Гляжу я на эту Диану и глазам своим не верю! Никакая это не «Диана», а самая обыкновенная Манька-поблядушка — судомойка из шашлычной Сурена Гургеновича! Я ее даже однажды со своим Шурой Плоткиным познакомил, и Шура ее трое суток драл, как сидорову козу! У нее в шашлычной отгулы были, так она из нашей тахты семьдесят два часа не вылезала…
Потом она куда-то исчезла, и в шашлычной стали поговоривать, что Манька стала теперь «сильно крутая» — в «загранку» на корабле ходит, дело имеет только с иностранцами, и только за твердую валюту. Даже финские марки уже не берет!
— Ты давай, кушай. Кушай! Я тебе тут в мисочке всего нанес, — говорит мне Водила и поворачивается к этой Маньке-Диане:
— Здоровый у меня Кыся? Гляди, какой богатырь!..
— Видала я и поздоровей, — отвечает ему Манька. — У меня в прошлом годе был один знакомый еврейчик-корреспондент, так у него кот был в два раза больше!..
* * *
Врет, мерзавка, без зазрения совести! Я уже который год в одном и том же весе. Жаль Шура ее не слышит…
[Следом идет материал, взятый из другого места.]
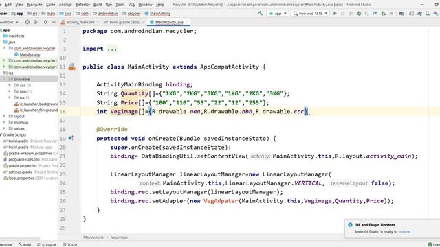 Recycler View in Android Data from Java
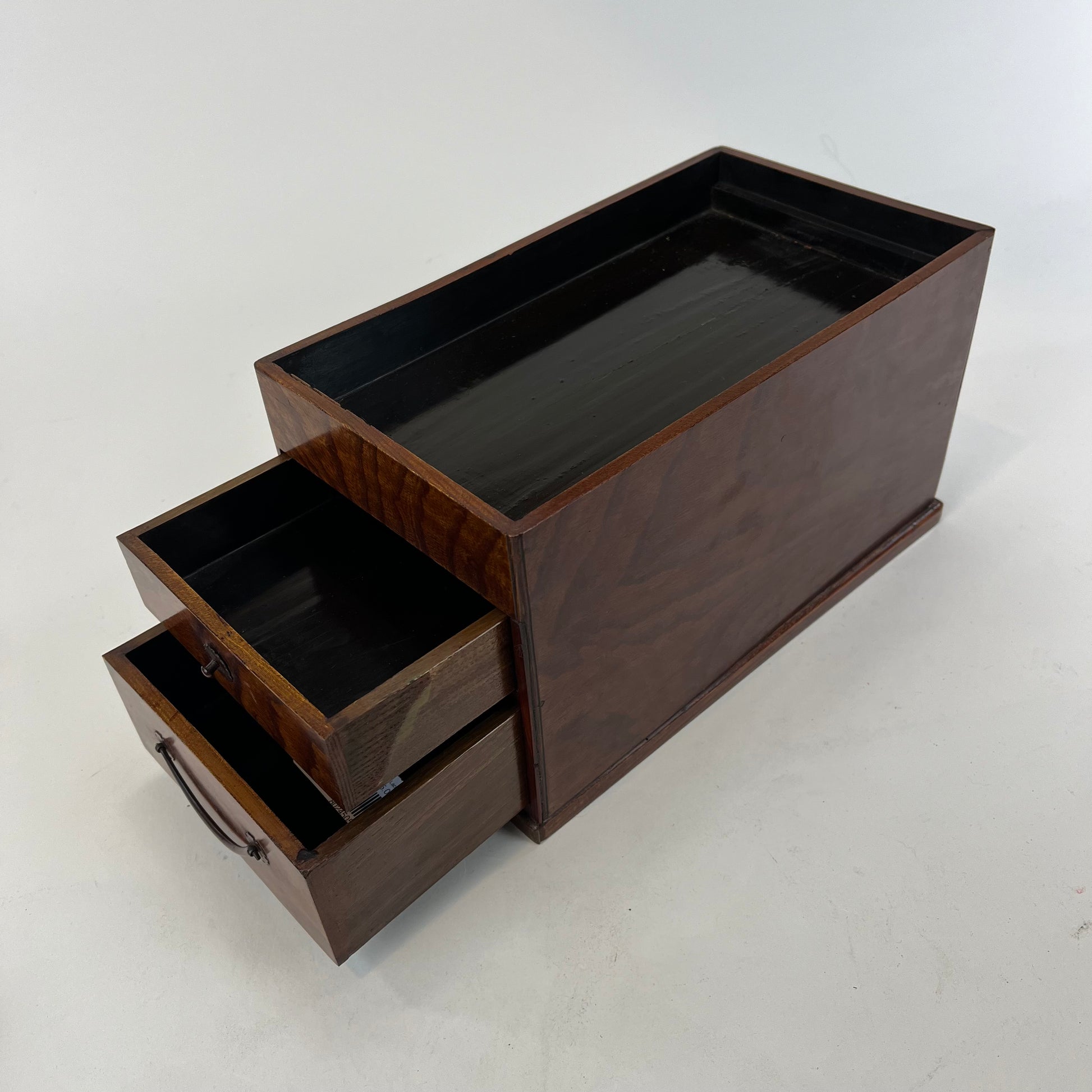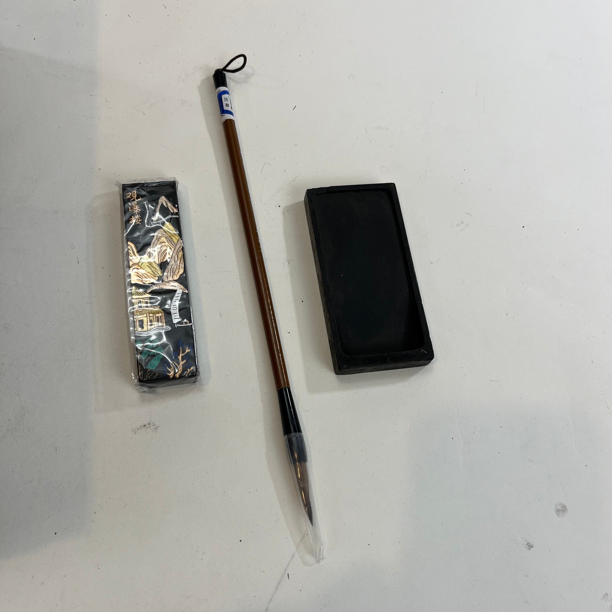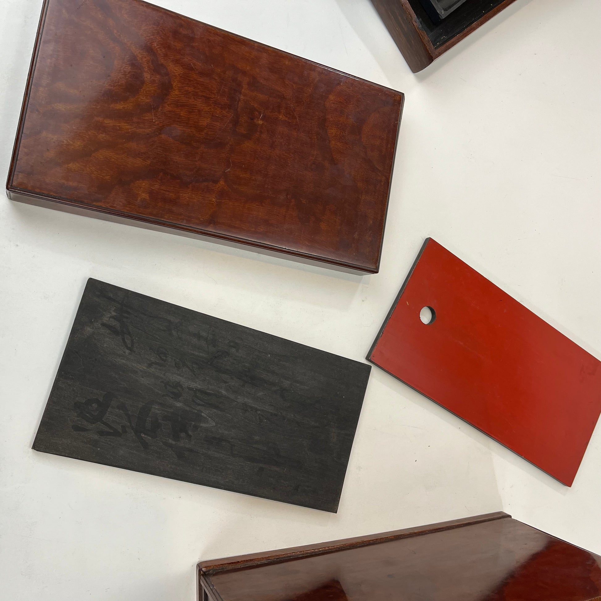 Japanese Suzuribako 2 Drawer Lacquered Box w/ Ink-stones, Brush & Ink Stick Set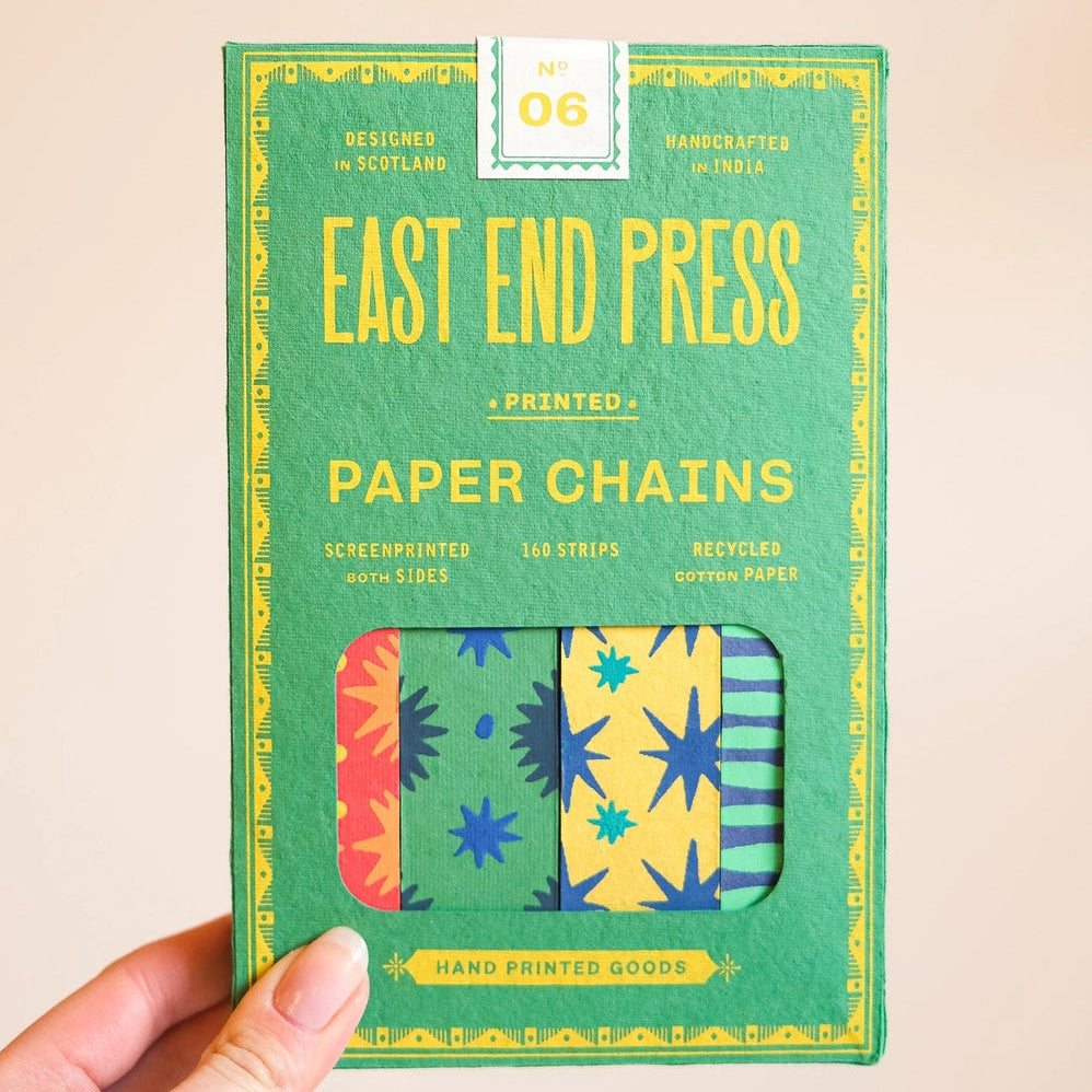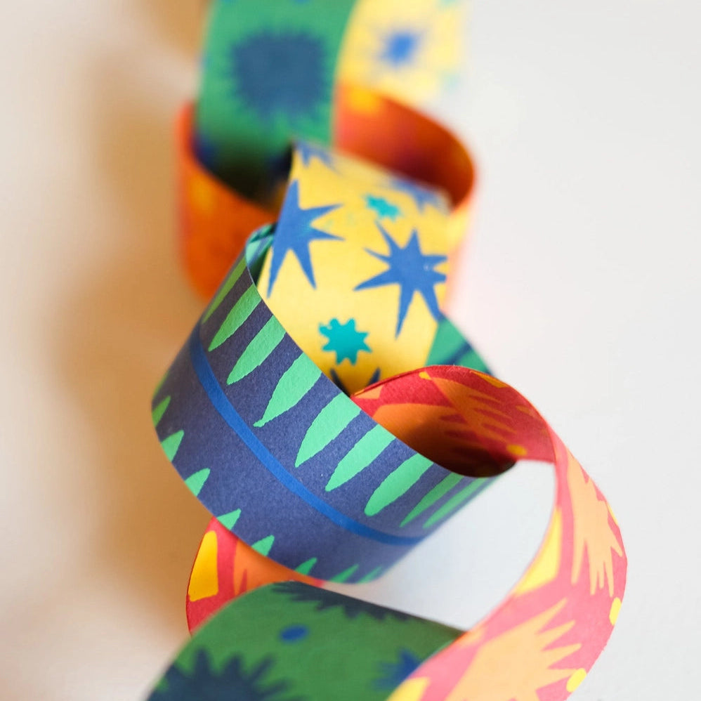 This paper chain kits contains 160 strips of recycled, patterned colourful strips which, when assembled, create ten metres of beautiful paper chains. Simply use glue or staple each loop to the next to create a classic party decoration. The paper is printed by hand on both sides so your paper chains always look great! - Set of 160 double-sided sheets of assorted patterned strips - Screen printed on both sides by hand talented artisans in Jaipur - Sustainably made from recycled materials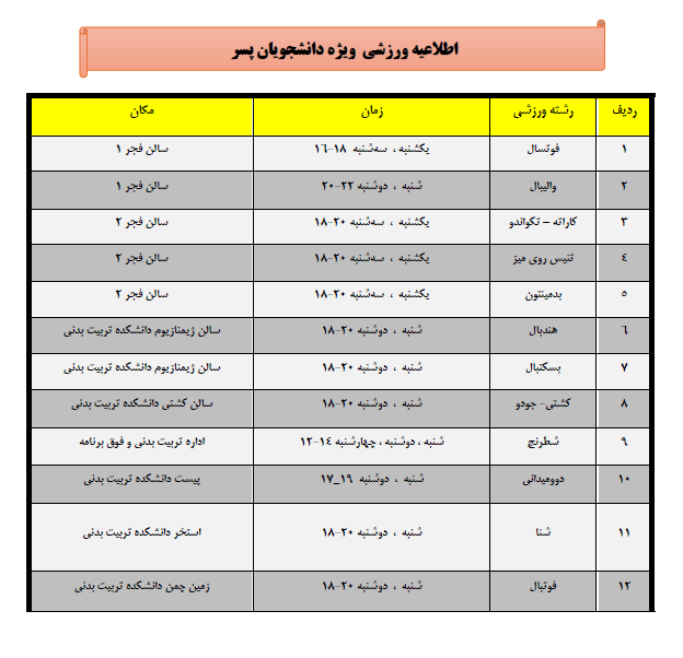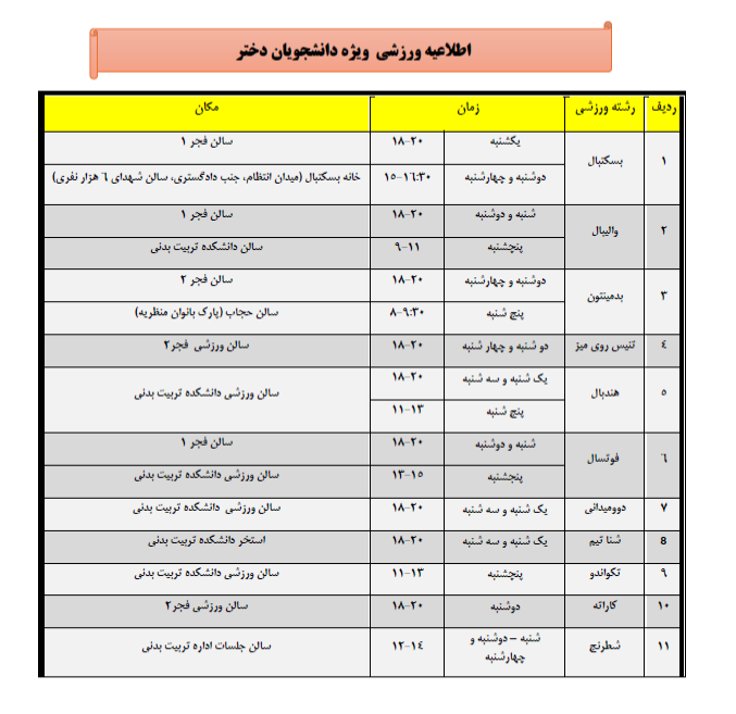 به اطلاع کلـیه دانشجویان محترم  می رساند  فعالیت رشته های  ورزشـی ذیل از تاریخ  1404/7/19 آغاز می گردد. از عموم دانشجویان علاقه مند به شرکت در تمرینات این رشته ها دعوت به عمل می ‏آید در ساعات فوق برنامه به مربیان مربوطه مراجعه نمایند.

— Только звали того кота очень грубо — «Потап», что ли?.. Или, нет «Михей», кажись… Счас уж и не помню. И этот еврейчик с ним как с человеком разговаривал. Все у нас в шашлычной ошивался. Крыс ловил — бесподобно!
— Кто? Еврейчик?! — удивился Водила.
— Да, нет! Кот его — Михей…
«Мартын», идиотка! — хотелось мне ее поправить, но, понимая всю бесполезность моих усилий, я просто спрыгнул на пол кабины и заглянул в миску. Чего там только не было! Да здравствует Водила!
— А ты, Дианочка, быстренько залезай в коечку, сблочивай там все с себя, а уж потом и я туда. А то двоим там не разобраться. Узковато, говорит Водила, и отработанно начинает задергивать занавесками окна кабины.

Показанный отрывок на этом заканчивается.